Cooking time. Sheldon regrets his noncreative proteins, while Josh regrets making a scallop pasta that is somehow turning out overly soft. He decides to scramble his soft pasta like eggs. He adds bacon. Bacon is to Josh as scallops are to Jamie from season five.

The judges arrive at Qsine. Powdma, Curtis, Tom, and Hugh Acheson are joined by some execs from the Celebrity Cruises line. Where is Gail these days?

Brooke is first up with mussels and frog legs that please the group. Tom pauses the proceedings to remark, “nice weather…if you’re a whale.” Powdma exclaims that she actually saw a whale the day before. Tom replies that he is “still waiting for the narwhal.” If he is referring to Renee Erickson’s long-promised oyster truck, I am, too.

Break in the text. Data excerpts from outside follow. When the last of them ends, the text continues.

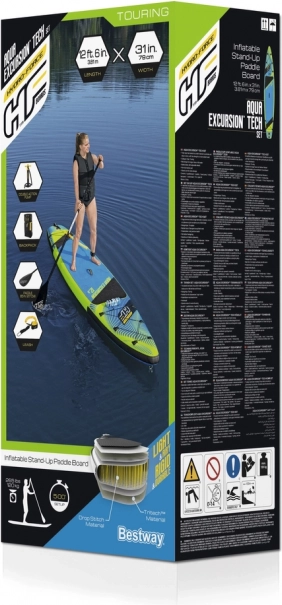 Het opblaasbare SUP‑board HYDRO‑FORCE Aqua Excursion 12.6 is een veelzijdig board voor recreatief peddelen, tochten en conditieritten. Dankzij het robuuste Tritech‑materiaal is het uitzonderlijk stijf en betrouwbaar, terwijl het antislip EVA‑deckpad voor een zekere stand zorgt. De slanke, hydrodynamische vorm verbetert de glide en koersvastheid.
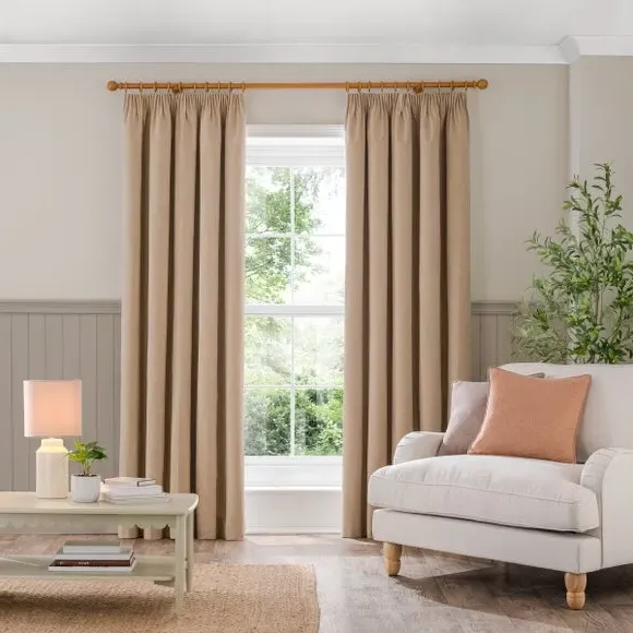 Home  /  Bedding & Textile  /  Curtains  /  Blackout Curtains Pencil Pleat - Dark Sand, Brushed
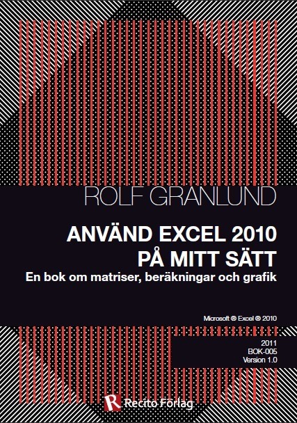 Använd Excel 2010 på mitt sätt är min senaste bok. Boken är undantaget som bekräftar regeln. Min ambition att ge ut böcker med ett sidantal runt 100 kom på skam men är en fingervisning om vad Excel är, nämligen det mest omfattande programmet inom Office. Boken står för sig själv även om mycket handlar om Excel i samband med projekt. Jag går från grundläggande delar i Excel för att kröna det hela med ett exempel på hur du bygger en projektkalkyl. Ett annat fokus är pivot-tabeller och pivot-diagram mycket beroende på att boken skrevs för att komplettera nästa bok i serien. Project 2010 använder nämligen pivot-diagram i en av rapportmodulerna. På så sätt slapp jag beskriva den delen av Project 2010 i just den boken.
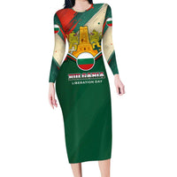 Bulgaria Liberation Day Long Sleeve Bodycon Dress with Shipka Monument and Tricolor Lion Graphic TS04
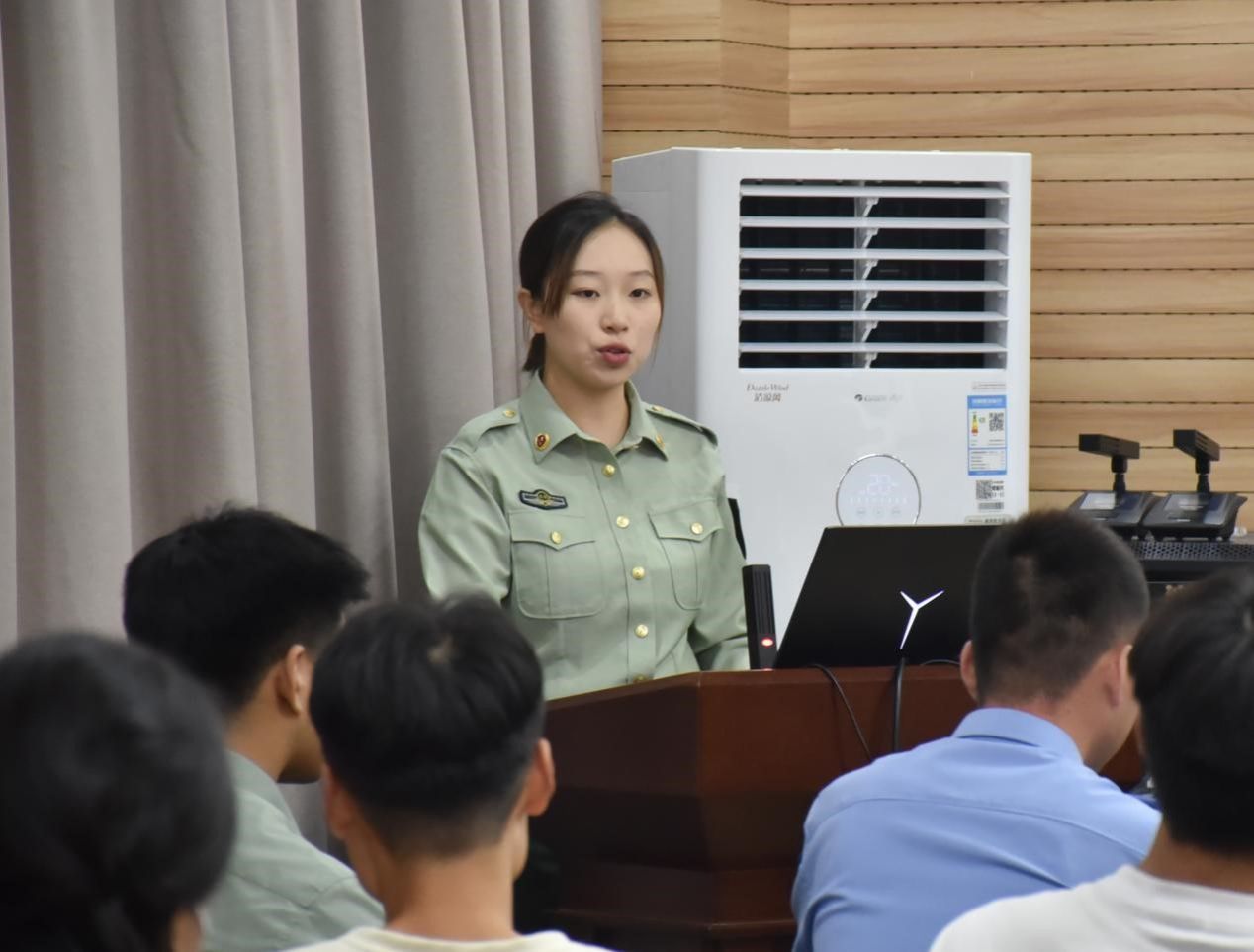 学院邀请退伍学生于欣路、王越胜、巩旺龙分享经验,帮助同学们了解军旅生活。他们结合自身丰富的经历,分享了参军入伍对个人成长、家庭荣誉、社会贡献等方面的积极影响,让同学们深刻感受到了参军入伍的崇高使命和光荣责任。退伍学生王斐帆则为学生们详细解读了国家征兵政策,以生动的语言、详实的数据,深入浅出地介绍了参军入伍的条件、流程以及优惠政策等,让同学们对征兵政策有了更加全面、深入的了解。
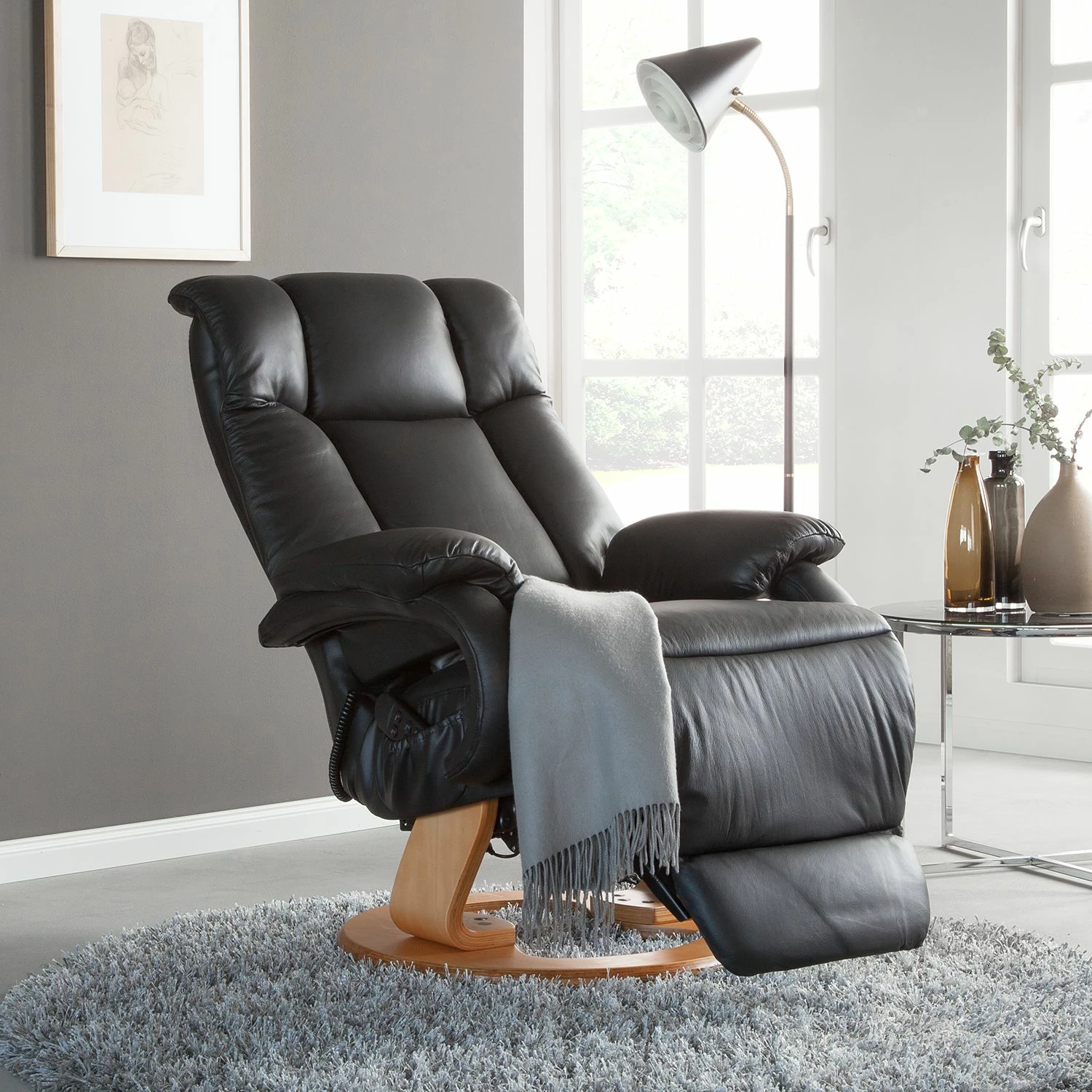 Auf der Suche nach einer bequemen Sitzmöglichkeit für entspannte Stunden werden Sie bei uns mit diesem schwarzen Fernsehsessel fündig. Kombiniert mit einem TV- und Mediaschrank im klassischen Stil ergänzen Sie Ihre Wohnungseinrichtung mit diesem Sessel stilsicher. Hergestellt ist er aus Kunstleder und Echtleder. Das praktische Kunstleder hat folgenden Vorteil: Es verspricht eine lange Lebensdauer. Darüber hinaus genießen Sie dank der Polsterung aus Schaumstoff einen hohen Komfort.
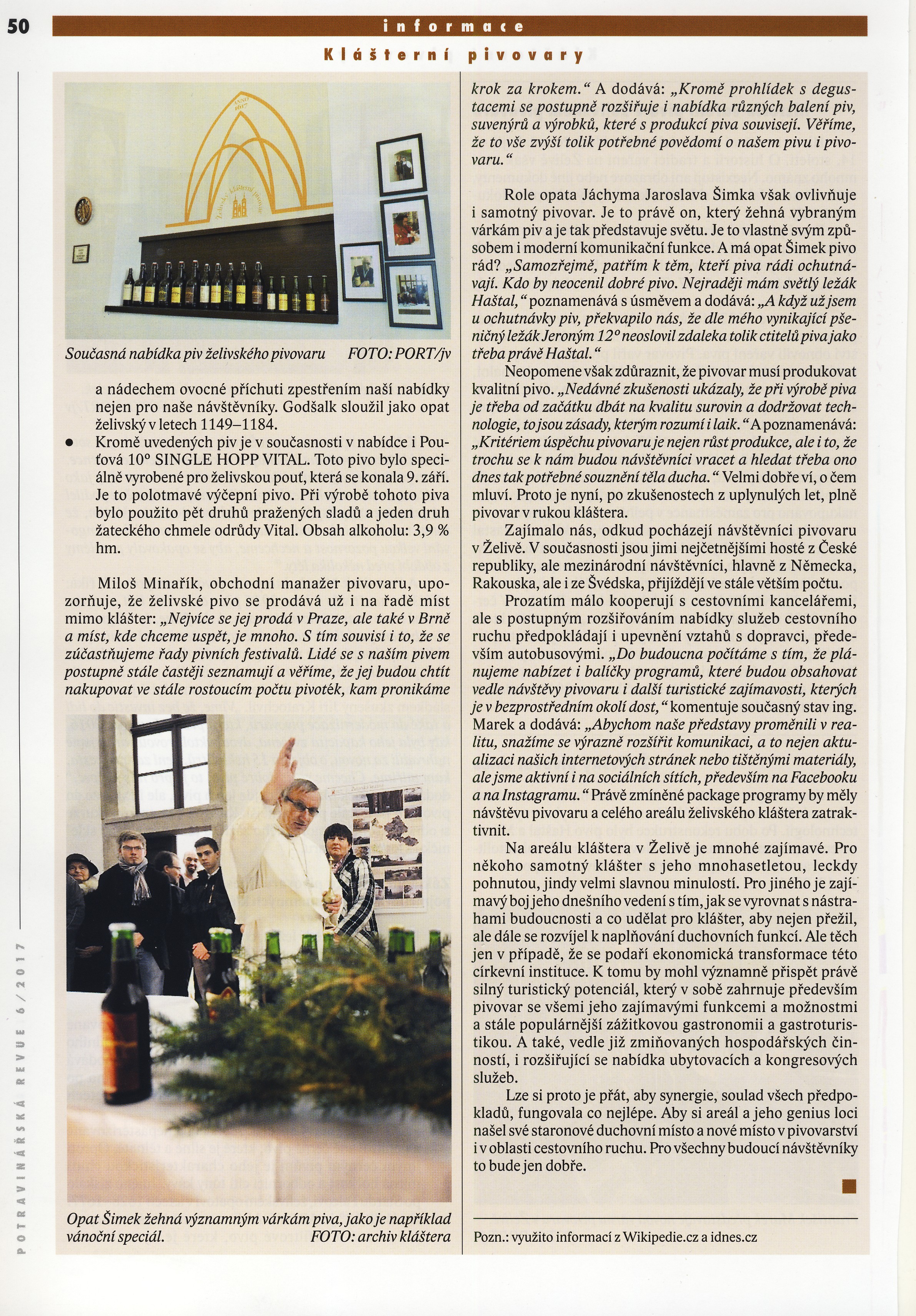 Příběh kláštera Želiv i jeho klášterní pivovar připomínají osud bájného Fénixe Potravinářská revue č. 6, 2017

Back to the food. Stefan’s braised pork belly with eel and parsnip ravioli comes with the greasiest-looking sauce that Tom has ever seen. The judges wince at his extremely crunchy pork. Now here comes Josh with his scrambled scallop pasta-eggs “and bacon you sprinkle on yourself.” Everyone is impressed with his creativity.

Sheldon puts on a game face to serve his soggy tempura. Lizzie has some issues with the steamer so her suckling pig-and-scallop-stuffed cabbage rolls are undercooked. The judges nitpick everyone’s dish and it’s not clear who is on the bottom.

All five chefs line up for judgment so the camera can swipe dramatically across their faces. Brooke’s frog legs take the win. Her prize is a seven-day Caribbean cruise, presumably one where she will not be forced to mass-produce lettuce cups. Lizzie and Josh are also safe.

Sheldon and Stefan await their fate. Curtis says he could hear Tom chewing on Stefan’s overly crunchy pork all the way across the table. Powdma’s voice sounds meek and sad as she bids Stefan adieu. Sheldon gets to join the other contestants for the finals in Juneau.

Next week: The chefs meet some sled dogs and Josh might become a dad. And, perchance, the answer to pressing questions like: Will Lizzie get a pedicure? What will Josh put bacon on next? And why did Sheldon stop wearing his knit cap now that it’s actually cold?

Coolest Seattle moment: We live in a city where Alaskan cruise ships depart from the downtown waterfront.

Lamest Seattle moment: Bidding farewell to our fair city. Seattle, Top Chef viewers hardly knew ye.